STaRK-MAG

STaRK-MAG forcus on precise academic paper searches. It features a complex network of entities and relationships centered around paper nodes, particularly focusing on citation and authorship. The queries involve single-hop of multi-hop relational queries along with textual properties sourced primarily from abstracts, such as the paper's topic and methodology.

Semi-structured Knowledge Base

The MAG SKB comprises four types of node entities (paper, author, institute, and field_of_study) and four types of relations (author_writes_paper, paper_cites_paper, paper_has_field_of_study, author_belongs_to_institute).
The textual data consists of paper titles and abstracts, enriched with additional details like venue, author, and institution names from the Microsoft Academic Graph database (version 2019-03-22).

Data Statistics

MAG Semi-structured Knowledge Base
Num of entity types 4
Num of relation types 4
Num of avg. degree 43.5
Num of entities 1,872,968
Num of relations 39,802,116
Num of tokens 212,602,571

STaRK QA Dataset

Data Statistics

Synthesized Human-generated
Num of queries 13,323 84
Num of queries with multiple answers 6,872 34
Average num of answers 2.78 3.26

License: CC-BY-4.0

Query Dataset Examples

Synthesized

Q: Does the Reva Institute of Technology and Management have any publications on the improvement of nucleate boiling heat transfer performance using nanofluids?

A: 1356012, 1290861, 1437510, 1254191

Q: What are some research papers that reference ""Fast resonance decays in nuclear collisions"" and also conduct an analysis of hydrodynamics models in nuclear physics?

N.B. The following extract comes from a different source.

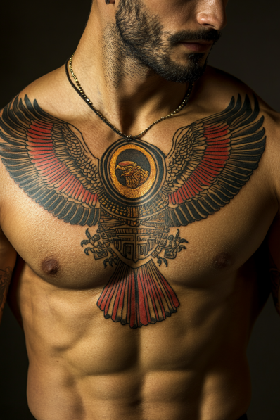 This awe-inspiring Horus falcon tattoo spreads its magnificent wings across the chest, radiating strength and divine energy. The detailed wings stretch from shoulder to shoulder, featuring bold shades of black and deep red that accentuate the god-like presence of Horus. At the center, the falcon s head, enshrined in a golden disc, commands attention, symbolizing protection and power. The intricately designed chest piece is balanced with geometric patterns at the base, adding layers of ancient mystique to the tattoo.

A: 1743939, 1213289, 1316848, 1210353, 1783795, 1784533, 1809438, 1786266, 1544702

Q: Could you help me find papers from the same authors who contributed to ""On the influence of spatial sampling on climate networks""? I'm particularly interested in their exploration of new dimensionality measures and how they applied these to various complex systems.

A: 1591807

Human-generated

Q: Find me papers that discuss improving condensers perdformance authored by Stojan Hrnjak.

A: 1740813, 1740967

Q: What paper in the field of laminar flow and turbulence describes the gas flow of cold atmospheric pressure plasma jets specifically for biomedical applications?

A: 1814164, 1326172

Q: What is a paper on the electro-optic effect that builds on prior work showing the feasibility of reconfigurable ultrafast all-optical NOR and NAND gates and other sequential logic circuits using the Mach-Zehnder interferometer structure?

A: 1174496, 1201153

Reference

[1] Weihua Hu, Matthias Fey, Marinka Zitnik, Yuxiao Dong, Hongyu Ren, Bowen Liu, Michele Catasta, and Jure Leskovec. 2020. Open graph benchmark: datasets for machine learning on graphs. In Proceedings of the 34th International Conference on Neural Information Processing Systems (NIPS '20).

[2] Arnab Sinha, Zhihong Shen, Yang Song, Hao Ma, Darrin Eide, Bo-June Paul Hsu, and Kuansan Wang. 2015. An Overview of Microsoft Academic Service (MAS) and Applications. In WWW.

[3] Kuansan Wang, Zhihong Shen, Chiyuan Huang, Chieh-Han Wu, Yuxiao Dong, and Anshul Kanakia. 2020. Microsoft Academic Graph: When experts are not enough. Quant. Sci. Stud. (2020).